EXERCISE DIRECTIONS -
Examine the material below. Gather every line in which the string "with" appears.

EXERCISE MATERIALS -
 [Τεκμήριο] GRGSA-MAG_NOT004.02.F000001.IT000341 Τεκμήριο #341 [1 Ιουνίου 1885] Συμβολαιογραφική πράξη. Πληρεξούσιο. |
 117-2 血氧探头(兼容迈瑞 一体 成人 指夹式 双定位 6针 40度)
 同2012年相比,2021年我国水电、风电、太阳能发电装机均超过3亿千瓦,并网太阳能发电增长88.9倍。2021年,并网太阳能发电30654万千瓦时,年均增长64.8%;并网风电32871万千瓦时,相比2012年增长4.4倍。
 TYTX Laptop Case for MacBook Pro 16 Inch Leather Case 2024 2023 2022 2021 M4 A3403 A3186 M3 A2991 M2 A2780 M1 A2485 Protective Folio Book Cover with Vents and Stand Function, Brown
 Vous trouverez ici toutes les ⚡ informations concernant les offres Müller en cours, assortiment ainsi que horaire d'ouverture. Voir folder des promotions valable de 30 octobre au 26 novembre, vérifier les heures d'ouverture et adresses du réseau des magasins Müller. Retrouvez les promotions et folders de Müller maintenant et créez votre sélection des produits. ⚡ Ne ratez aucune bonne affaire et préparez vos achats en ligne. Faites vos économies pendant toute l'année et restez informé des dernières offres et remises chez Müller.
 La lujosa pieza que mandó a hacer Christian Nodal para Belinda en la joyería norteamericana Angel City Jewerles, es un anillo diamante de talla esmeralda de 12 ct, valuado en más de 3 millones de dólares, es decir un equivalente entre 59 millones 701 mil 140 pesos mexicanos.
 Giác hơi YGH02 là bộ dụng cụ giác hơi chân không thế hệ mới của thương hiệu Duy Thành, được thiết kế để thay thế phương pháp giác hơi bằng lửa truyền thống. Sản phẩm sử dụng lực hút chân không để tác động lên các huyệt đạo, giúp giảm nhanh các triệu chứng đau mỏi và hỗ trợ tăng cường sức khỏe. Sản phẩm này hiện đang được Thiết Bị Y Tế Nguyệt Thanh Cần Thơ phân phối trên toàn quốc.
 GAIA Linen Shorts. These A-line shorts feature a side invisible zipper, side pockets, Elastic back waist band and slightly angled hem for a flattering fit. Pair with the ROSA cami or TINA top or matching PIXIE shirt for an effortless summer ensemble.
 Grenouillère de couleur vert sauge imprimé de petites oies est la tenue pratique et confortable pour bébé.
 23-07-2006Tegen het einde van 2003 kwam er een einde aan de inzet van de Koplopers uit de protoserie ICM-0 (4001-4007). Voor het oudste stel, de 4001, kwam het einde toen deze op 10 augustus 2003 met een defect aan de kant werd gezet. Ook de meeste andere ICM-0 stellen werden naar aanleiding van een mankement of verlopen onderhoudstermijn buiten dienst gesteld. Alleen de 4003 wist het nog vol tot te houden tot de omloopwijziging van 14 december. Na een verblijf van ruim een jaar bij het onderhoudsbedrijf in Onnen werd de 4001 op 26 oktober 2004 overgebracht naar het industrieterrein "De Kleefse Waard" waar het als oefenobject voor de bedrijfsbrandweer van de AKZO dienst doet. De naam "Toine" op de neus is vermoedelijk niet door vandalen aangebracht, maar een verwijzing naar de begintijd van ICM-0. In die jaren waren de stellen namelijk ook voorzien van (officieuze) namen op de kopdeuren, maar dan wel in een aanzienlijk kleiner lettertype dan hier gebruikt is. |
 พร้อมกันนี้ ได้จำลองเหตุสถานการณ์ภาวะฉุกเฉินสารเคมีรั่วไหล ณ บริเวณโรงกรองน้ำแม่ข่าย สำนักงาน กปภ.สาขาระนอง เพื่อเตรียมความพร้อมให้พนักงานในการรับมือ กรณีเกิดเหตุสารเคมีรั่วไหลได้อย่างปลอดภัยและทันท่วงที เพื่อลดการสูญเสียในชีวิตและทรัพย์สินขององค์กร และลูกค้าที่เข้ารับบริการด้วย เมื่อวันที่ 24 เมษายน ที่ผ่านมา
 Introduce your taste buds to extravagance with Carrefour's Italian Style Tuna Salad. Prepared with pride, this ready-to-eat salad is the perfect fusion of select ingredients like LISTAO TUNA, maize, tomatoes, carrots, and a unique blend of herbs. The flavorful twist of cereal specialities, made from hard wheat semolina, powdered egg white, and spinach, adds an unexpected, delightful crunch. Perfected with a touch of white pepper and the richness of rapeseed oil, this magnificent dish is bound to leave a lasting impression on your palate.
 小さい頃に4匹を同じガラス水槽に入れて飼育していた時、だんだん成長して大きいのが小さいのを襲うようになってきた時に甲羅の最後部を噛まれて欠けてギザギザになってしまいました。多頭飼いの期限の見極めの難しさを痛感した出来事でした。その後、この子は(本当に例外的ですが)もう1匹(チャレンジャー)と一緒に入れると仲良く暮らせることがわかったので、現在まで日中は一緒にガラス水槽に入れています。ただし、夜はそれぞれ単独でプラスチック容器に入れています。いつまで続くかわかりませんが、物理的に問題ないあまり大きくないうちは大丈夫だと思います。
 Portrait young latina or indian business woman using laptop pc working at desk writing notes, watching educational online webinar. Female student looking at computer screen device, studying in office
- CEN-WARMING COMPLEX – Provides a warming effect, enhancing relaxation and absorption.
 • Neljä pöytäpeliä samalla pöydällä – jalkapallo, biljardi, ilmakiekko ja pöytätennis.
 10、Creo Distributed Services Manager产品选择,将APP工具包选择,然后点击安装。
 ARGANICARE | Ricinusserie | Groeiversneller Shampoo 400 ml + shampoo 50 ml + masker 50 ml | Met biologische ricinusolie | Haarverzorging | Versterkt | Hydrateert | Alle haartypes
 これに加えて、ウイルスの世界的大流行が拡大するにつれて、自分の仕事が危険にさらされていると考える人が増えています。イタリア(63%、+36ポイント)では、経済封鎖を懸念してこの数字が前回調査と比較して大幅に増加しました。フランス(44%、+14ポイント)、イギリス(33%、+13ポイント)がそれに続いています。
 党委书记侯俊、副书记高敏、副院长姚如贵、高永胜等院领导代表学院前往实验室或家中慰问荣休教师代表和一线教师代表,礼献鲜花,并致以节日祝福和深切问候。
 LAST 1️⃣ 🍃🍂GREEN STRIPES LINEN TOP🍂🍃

EXERCISE SOLUTION -
 TYTX Laptop Case for MacBook Pro 16 Inch Leather Case 2024 2023 2022 2021 M4 A3403 A3186 M3 A2991 M2 A2780 M1 A2485 Protective Folio Book Cover with Vents and Stand Function, Brown
 GAIA Linen Shorts. These A-line shorts feature a side invisible zipper, side pockets, Elastic back waist band and slightly angled hem for a flattering fit. Pair with the ROSA cami or TINA top or matching PIXIE shirt for an effortless summer ensemble.
 Introduce your taste buds to extravagance with Carrefour's Italian Style Tuna Salad. Prepared with pride, this ready-to-eat salad is the perfect fusion of select ingredients like LISTAO TUNA, maize, tomatoes, carrots, and a unique blend of herbs. The flavorful twist of cereal specialities, made from hard wheat semolina, powdered egg white, and spinach, adds an unexpected, delightful crunch. Perfected with a touch of white pepper and the richness of rapeseed oil, this magnificent dish is bound to leave a lasting impression on your palate.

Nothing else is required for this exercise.